Work required —
Restate, word for word and with no pictures, the stretch of lines in the data below that begins at the line with "游思集天然蜜蜡南红多宝手串女新中式国风设计师手工编织藏式手链" and ends at the line with "男女共同参画推進フォーラム 吉井奈々さん", inclusive.

Records for the exercise —

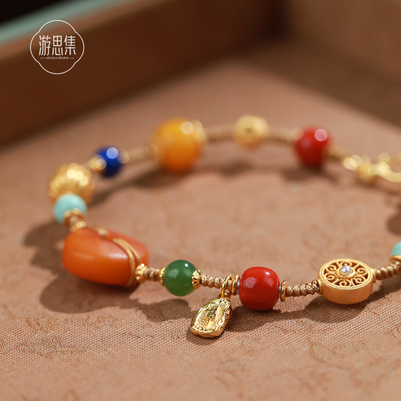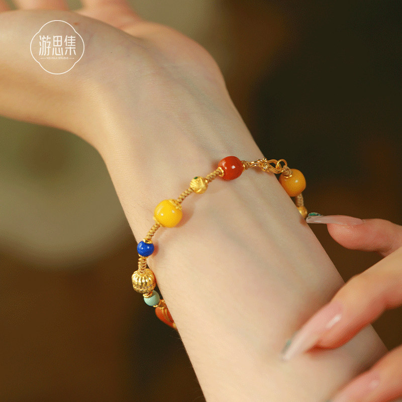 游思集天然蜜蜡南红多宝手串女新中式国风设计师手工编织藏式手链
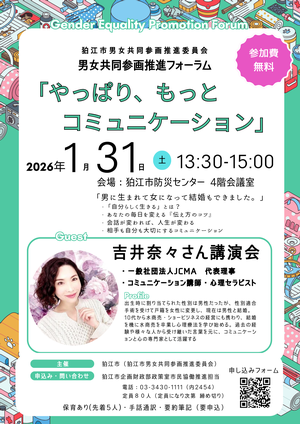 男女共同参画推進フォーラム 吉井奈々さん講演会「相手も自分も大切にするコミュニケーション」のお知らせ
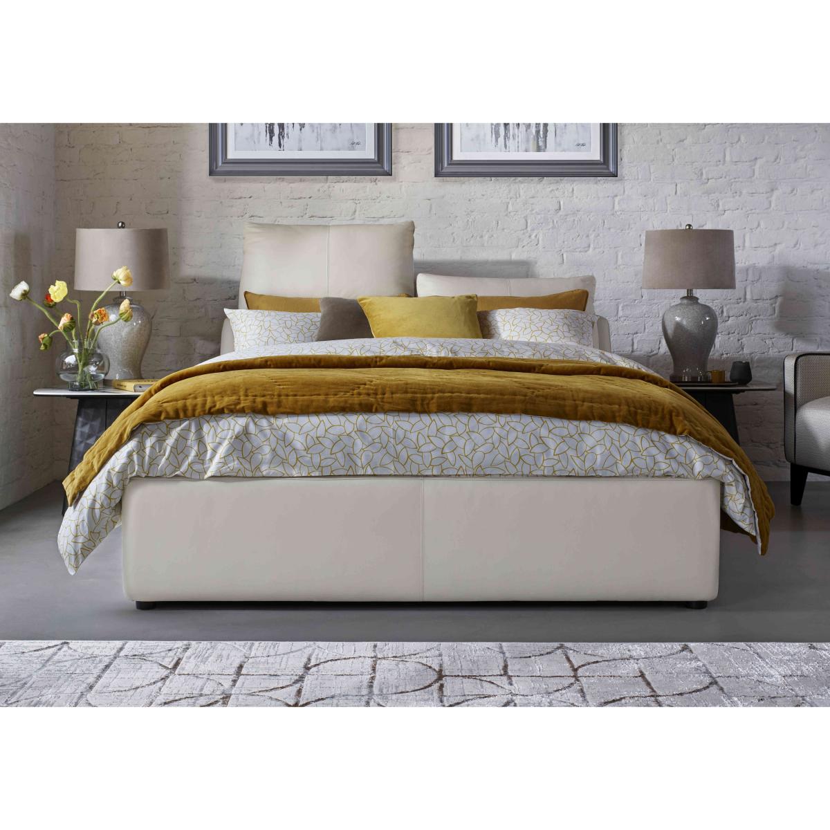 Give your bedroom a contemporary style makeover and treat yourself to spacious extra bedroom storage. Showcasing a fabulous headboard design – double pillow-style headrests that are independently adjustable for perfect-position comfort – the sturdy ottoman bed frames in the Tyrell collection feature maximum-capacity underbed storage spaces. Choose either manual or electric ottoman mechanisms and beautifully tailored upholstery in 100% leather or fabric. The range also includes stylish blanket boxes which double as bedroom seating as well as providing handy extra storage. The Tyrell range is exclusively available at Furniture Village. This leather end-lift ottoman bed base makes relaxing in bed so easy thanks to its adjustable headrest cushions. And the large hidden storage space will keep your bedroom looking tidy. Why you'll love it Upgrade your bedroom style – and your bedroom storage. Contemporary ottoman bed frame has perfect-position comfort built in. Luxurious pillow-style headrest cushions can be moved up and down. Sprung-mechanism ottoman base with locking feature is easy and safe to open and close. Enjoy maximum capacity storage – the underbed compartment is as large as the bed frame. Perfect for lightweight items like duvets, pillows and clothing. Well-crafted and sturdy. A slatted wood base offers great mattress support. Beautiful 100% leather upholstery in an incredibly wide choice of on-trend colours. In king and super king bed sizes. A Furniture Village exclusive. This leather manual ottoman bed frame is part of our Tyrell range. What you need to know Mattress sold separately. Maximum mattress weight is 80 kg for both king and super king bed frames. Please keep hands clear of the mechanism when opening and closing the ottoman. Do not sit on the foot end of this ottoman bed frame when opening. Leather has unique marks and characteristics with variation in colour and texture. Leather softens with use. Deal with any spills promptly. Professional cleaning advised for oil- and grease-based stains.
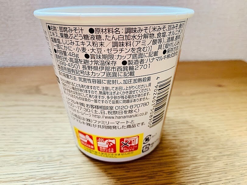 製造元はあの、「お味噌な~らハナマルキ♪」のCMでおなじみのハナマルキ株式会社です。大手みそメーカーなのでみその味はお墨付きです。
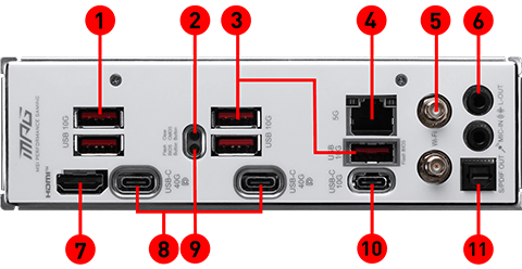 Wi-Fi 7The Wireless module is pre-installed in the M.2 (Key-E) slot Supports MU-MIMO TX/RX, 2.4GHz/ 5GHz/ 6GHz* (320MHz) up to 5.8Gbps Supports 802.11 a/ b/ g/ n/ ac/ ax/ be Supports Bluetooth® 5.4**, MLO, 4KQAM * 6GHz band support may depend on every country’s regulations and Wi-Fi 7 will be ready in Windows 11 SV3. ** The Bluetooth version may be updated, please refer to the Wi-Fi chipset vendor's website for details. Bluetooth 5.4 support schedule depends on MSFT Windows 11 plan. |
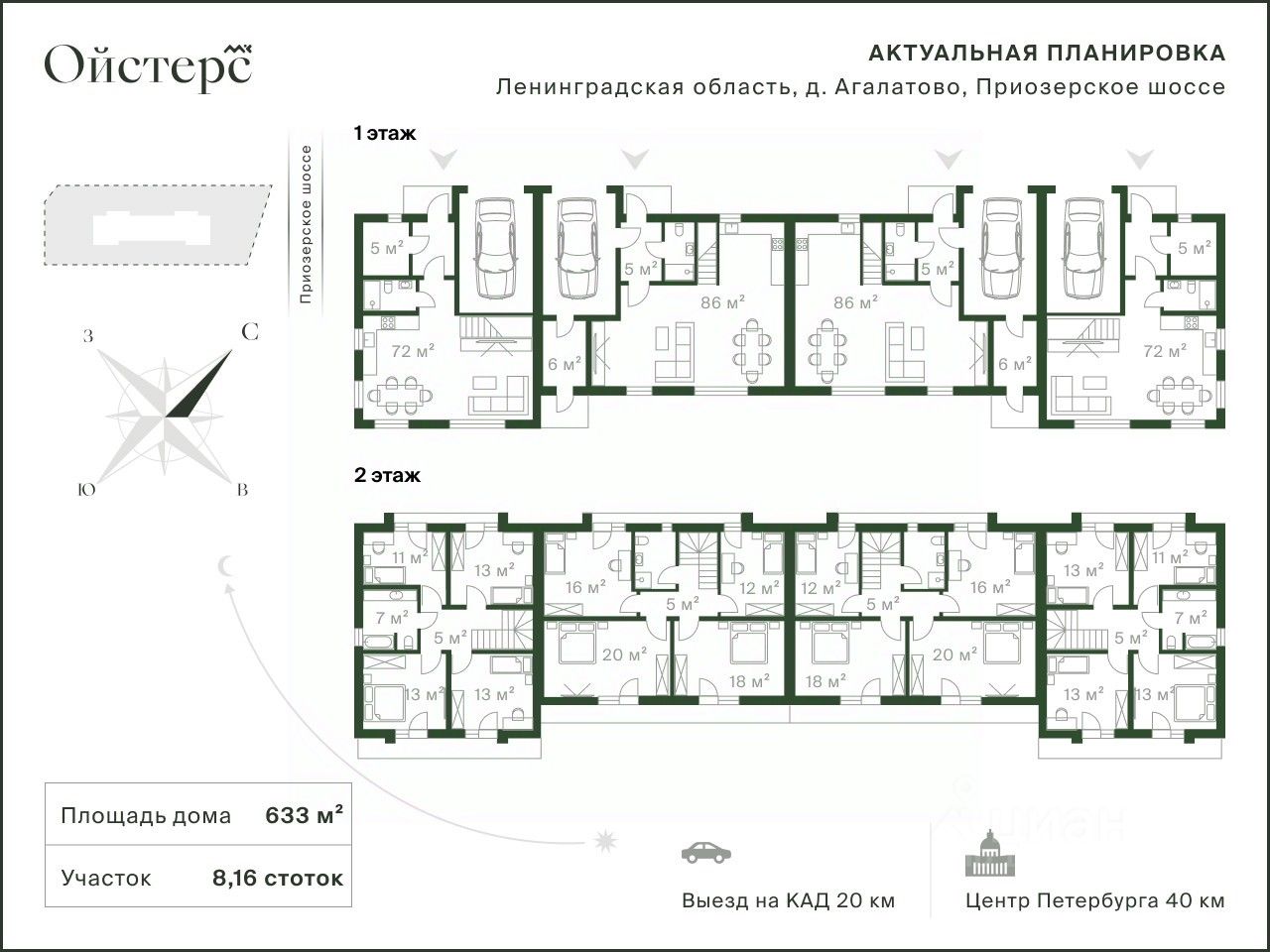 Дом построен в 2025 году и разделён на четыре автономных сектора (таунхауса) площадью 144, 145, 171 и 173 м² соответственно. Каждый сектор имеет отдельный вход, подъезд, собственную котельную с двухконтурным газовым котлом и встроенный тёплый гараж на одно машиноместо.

...

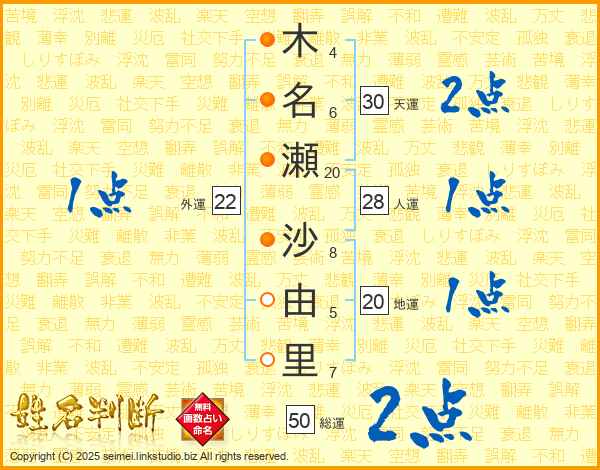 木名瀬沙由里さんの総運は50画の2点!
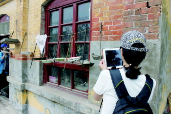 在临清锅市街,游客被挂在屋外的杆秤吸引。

---

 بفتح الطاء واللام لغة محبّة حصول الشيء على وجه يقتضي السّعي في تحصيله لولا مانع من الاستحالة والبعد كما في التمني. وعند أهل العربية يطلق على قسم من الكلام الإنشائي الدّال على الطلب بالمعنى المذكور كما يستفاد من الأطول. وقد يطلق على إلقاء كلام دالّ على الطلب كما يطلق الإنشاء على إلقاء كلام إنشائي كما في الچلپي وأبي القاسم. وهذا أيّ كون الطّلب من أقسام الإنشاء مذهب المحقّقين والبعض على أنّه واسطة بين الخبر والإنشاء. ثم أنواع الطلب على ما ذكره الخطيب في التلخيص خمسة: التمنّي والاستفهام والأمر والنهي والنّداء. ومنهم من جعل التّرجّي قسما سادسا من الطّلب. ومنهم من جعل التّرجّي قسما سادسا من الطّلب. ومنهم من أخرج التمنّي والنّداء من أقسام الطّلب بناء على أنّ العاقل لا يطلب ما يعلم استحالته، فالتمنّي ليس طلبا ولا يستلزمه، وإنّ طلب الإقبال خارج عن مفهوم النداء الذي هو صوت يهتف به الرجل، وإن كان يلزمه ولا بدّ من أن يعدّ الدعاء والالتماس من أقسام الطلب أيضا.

Completed exercise —
 游思集天然蜜蜡南红多宝手串女新中式国风设计师手工编织藏式手链
 男女共同参画推進フォーラム 吉井奈々さん講演会「相手も自分も大切にするコミュニケーション」のお知らせ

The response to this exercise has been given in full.